After the race was completed, Smith and Carlos received their medals shoeless, but wore black socks to represent black poverty. During their medal ceremony in the Olympic Stadium in Mexico City, Smith and Carlos each raised a black-gloved fist during the playing of the U.S. national anthem, ‘The Star-Spangled Banner.’ While on the podium, both Smith and Carlos turned to face the U.S. flag and kept their hands raised until the anthem had finished. Smith, Carlos, and Australian silver medalist Peter Norman all wore human-rights badges on their jackets. Smith also wore a black scarf around his neck to represent black pride, while Carlos had his tracksuit top unzipped to show solidarity with all blue-collar workers in the U.S. This demonstration is regarded as one of the most overtly political statements in the history of the modern Olympics. Smith and Carlos’s Black Power salutes still remain a symbolic moment in the history of the Black Power movement.
However, as a response, International Olympic Committee (IOC) president Avery Brundage, an American himself, deemed it to be a domestic political statement unfit for the international forum the Olympic Games were intended to be and ordered Smith and Carlos suspended from the US team and banned from the Olympic Village. When the US Olympic Committee refused, Brundage threatened to ban the entire US track team, which led to both Smith and Carlos being expelled from the Games. Smith and Carlos were then largely ostracized by the US sporting establishment and were subject to criticism.

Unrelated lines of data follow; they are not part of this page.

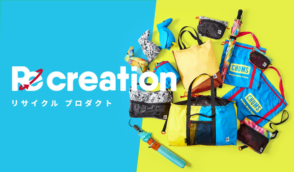 除了紀念商品外,今年 Chums 更響應近年的環保意識,推出 Re creation 回收再創造的系列產品,將回收或是無法再販售的帳篷布料進行重組、設計,推出休閒背包、晴雨傘、側背包、Booby Bird 玩偶等產品,材質皆延續帳篷本身優異防水性及輕量的特色,更保留原帳篷的車縫痕跡,讓每個商品都是獨一無二。
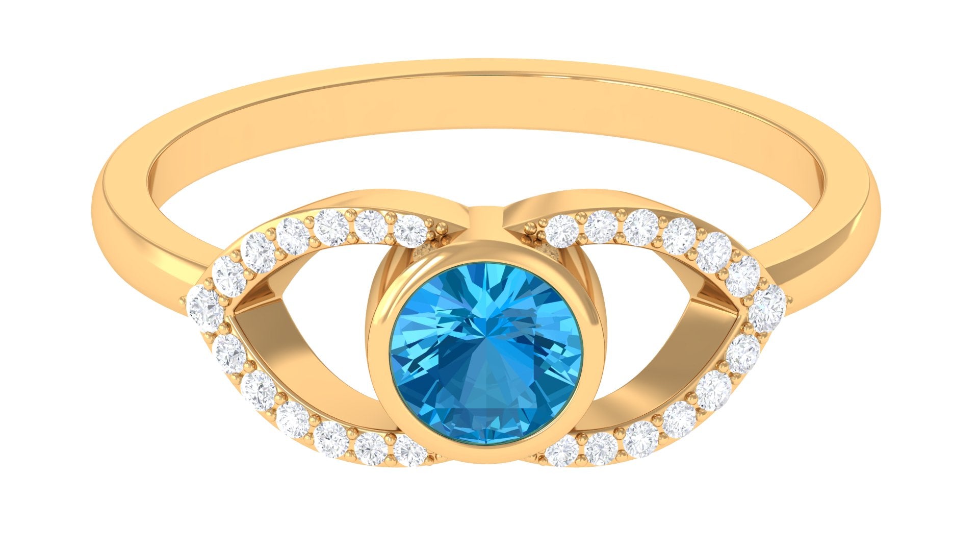 0.75 CT Swiss Blue Topaz Solitaire Ring with Diamond Accent
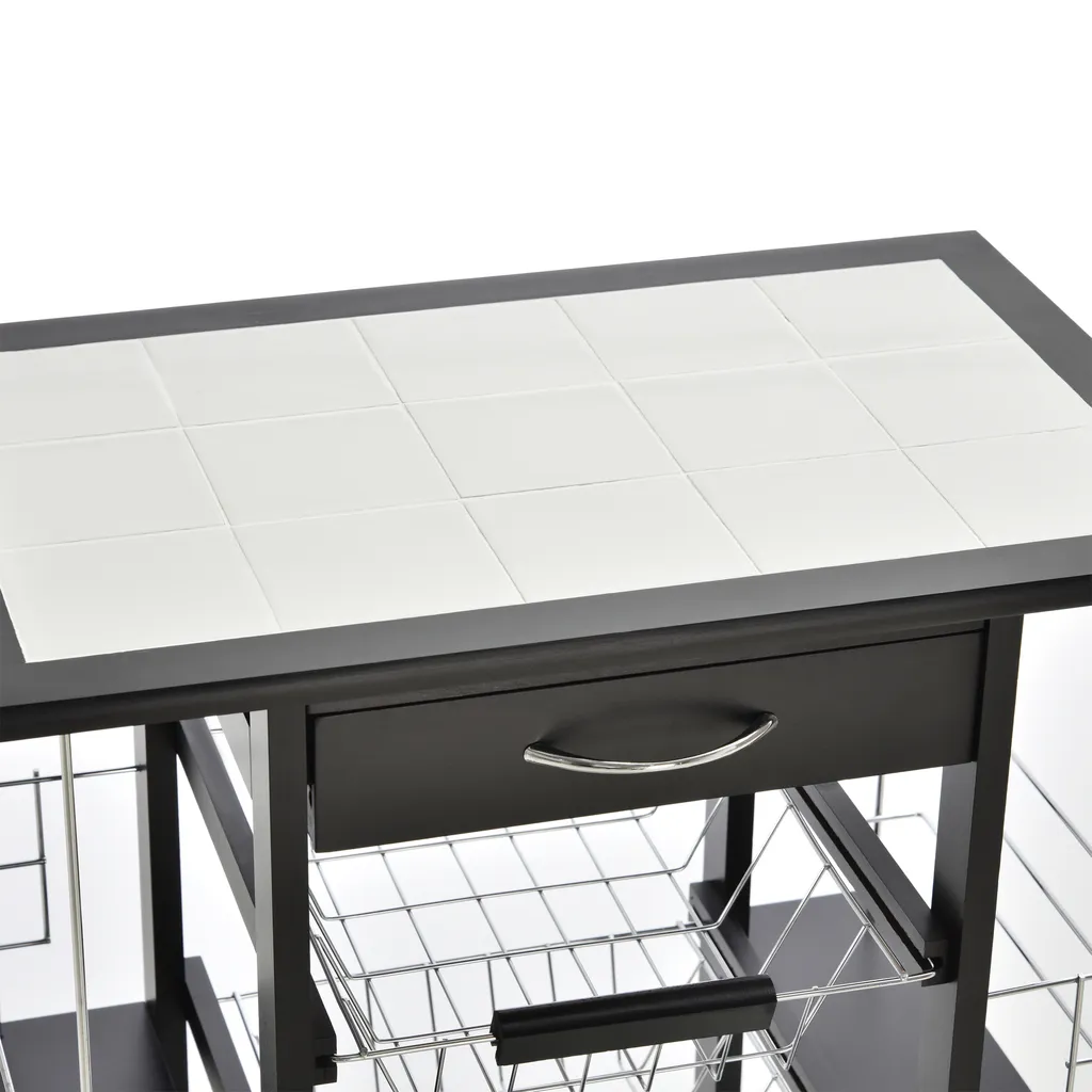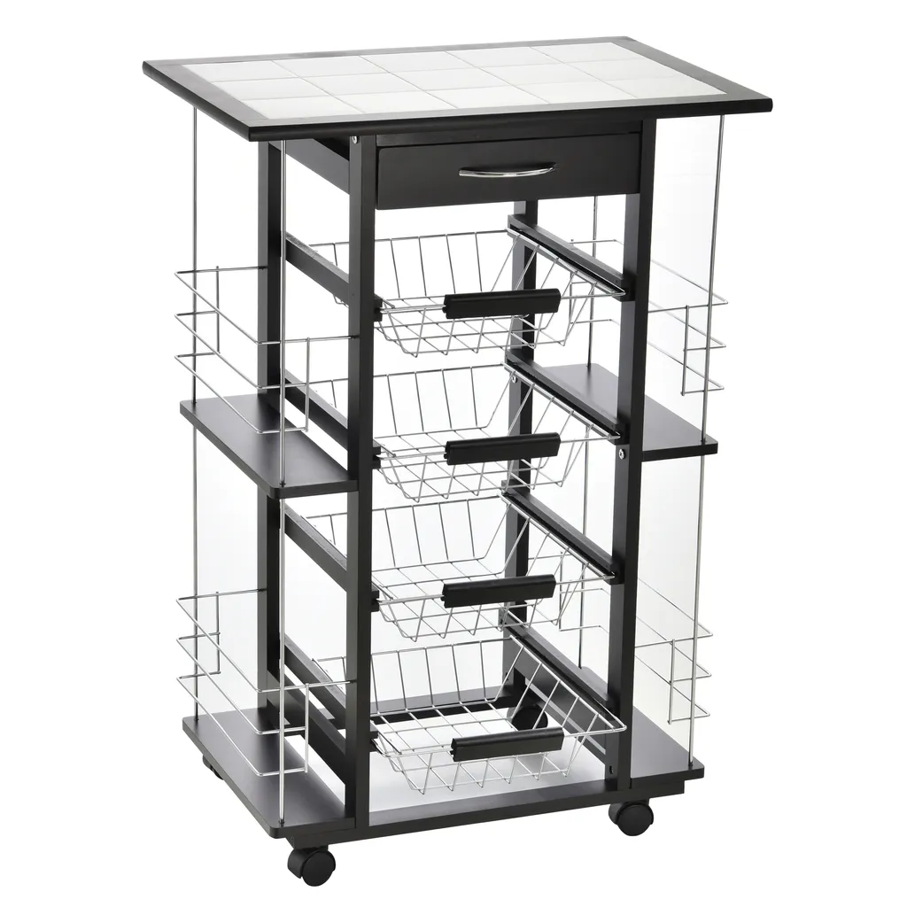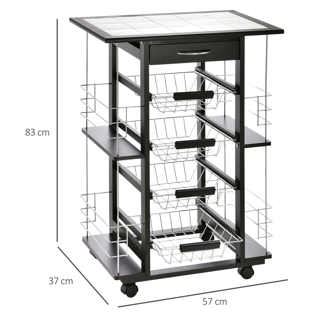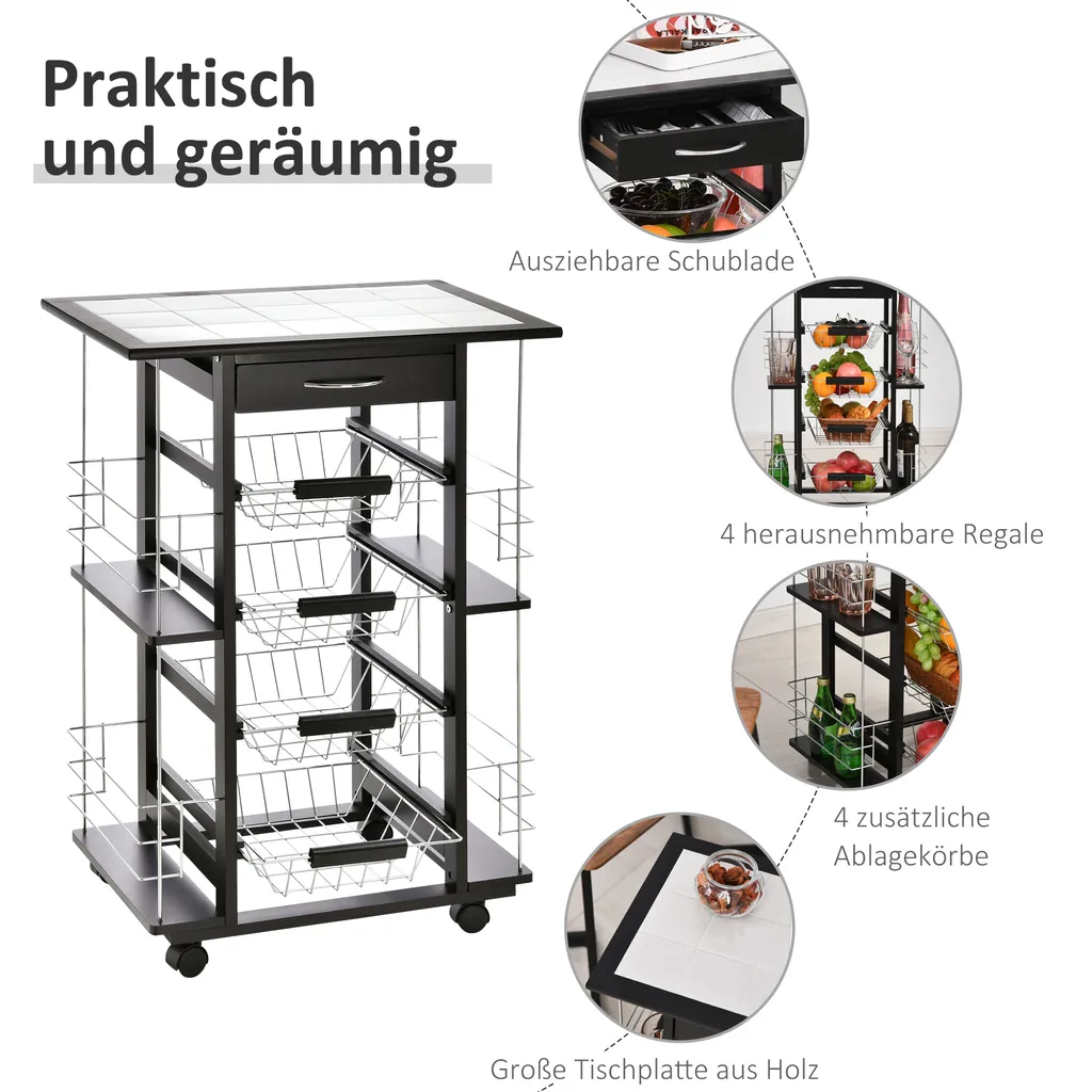 Dieser vierstufige rollende Küchenwagen besteht aus Edelstahlkörben, einem Kiefernrahmen und einem Keramikdeckel. Er ist jahrelang haltbar und sehr leicht mit nur einem feuchten Tuch zu reinigen

After Smith’s track and football careers, he became a member of the United States National Track and Field Hall of Fame in 1978. In 1996, he was inducted into the California Black Sports Hall of Fame, and in 1999 he received the organization’s Sportsman of the Millennium Award. Meanwhile, Carlos worked for Puma, the United States Olympic Committee, the Organizing Committee of the 1984 Summer Olympics and the City of Los Angeles after his track and football careers. In 2003, Carlos was elected to the National Track and Field Hall of Fame. On July 16, 2008, Smith and Carlos accepted the Arthur Ashe Award for Courage for their salute at the 2008 ESPY Awards.